(DATA RECORDS Opens)

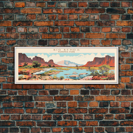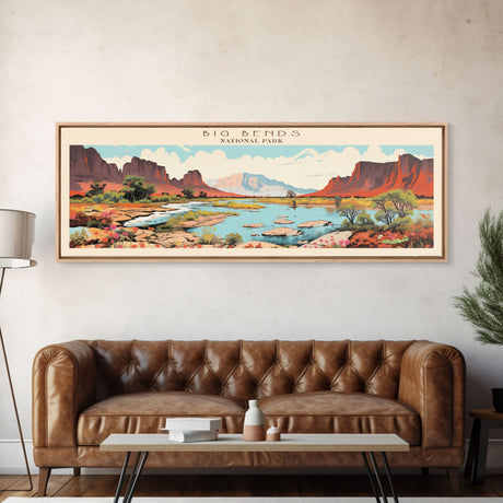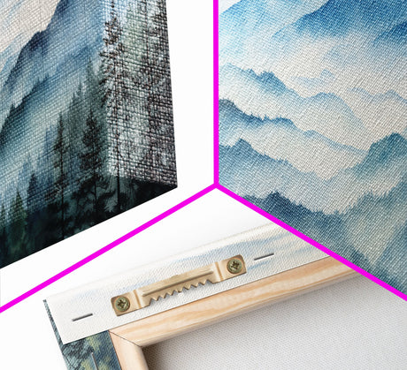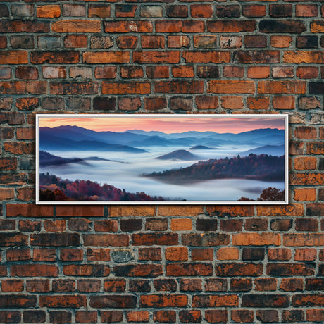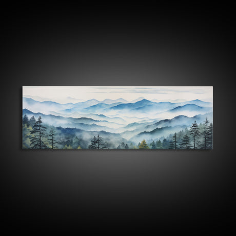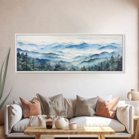 Blue Ridge Mountains National Park Panoramic Watercolor Painting Framed Canvas Print Large Wall Art
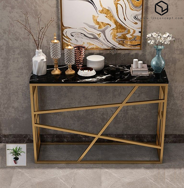 Bàn Console Casey Đá Đen Chân Sắt Vàng - BTT113.2
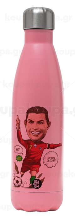 Cristiano Ronaldo, Metal mug thermos Pink Mat (Stainless steel), double wall, 500ml
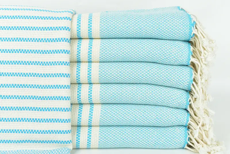 Birinci sınıf Türk pamuğu, dünya çapındaki itibarıyla karakterize edilen olağanüstü emicilik ve hızlı kuruma özellikleri sağlar. Türk havluları 40x75 inç veya 100x190 cm ölçülerinde, 1-2,5 cm toleransla, yaklaşık 400 gram ağırlığındadır. Kişiselleştirme seçenekleri, yıkama sonrası tutarlı boyut sağlayan önceden küçültülmüş durumun yanı sıra isimlerin veya tarihlerin işlenmesini içerir.
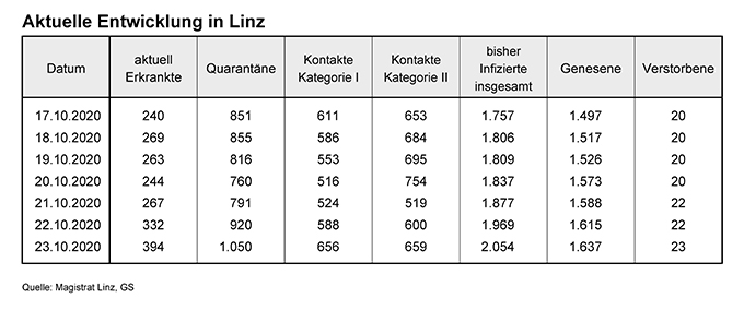 Im Linzer Magistrat wird ab sofort in geteilten Schichten gearbeitet. Dies hat die teilweise Aktivierung von Homeoffice zur Folge. Alle Besprechungen mit größerer Teilnehmerzahl werden nur mehr per Videokonferenz abgehalten. Sämtliche Veranstaltungen der Stadt Linz sind bis Weihnachten abgesagt (etwa Ehrenauszeichnungen).

(DATA RECORDS Closes)

**WORK TO COMPLETE**
Everything from the first line of the entries above through the line with "Cristiano Ronaldo, Metal" should be duplicated exactly, except the pictures.

**WRITTEN RESPONSE**
 Blue Ridge Mountains National Park Panoramic Watercolor Painting Framed Canvas Print Large Wall Art
 Bàn Console Casey Đá Đen Chân Sắt Vàng - BTT113.2
 Cristiano Ronaldo, Metal mug thermos Pink Mat (Stainless steel), double wall, 500ml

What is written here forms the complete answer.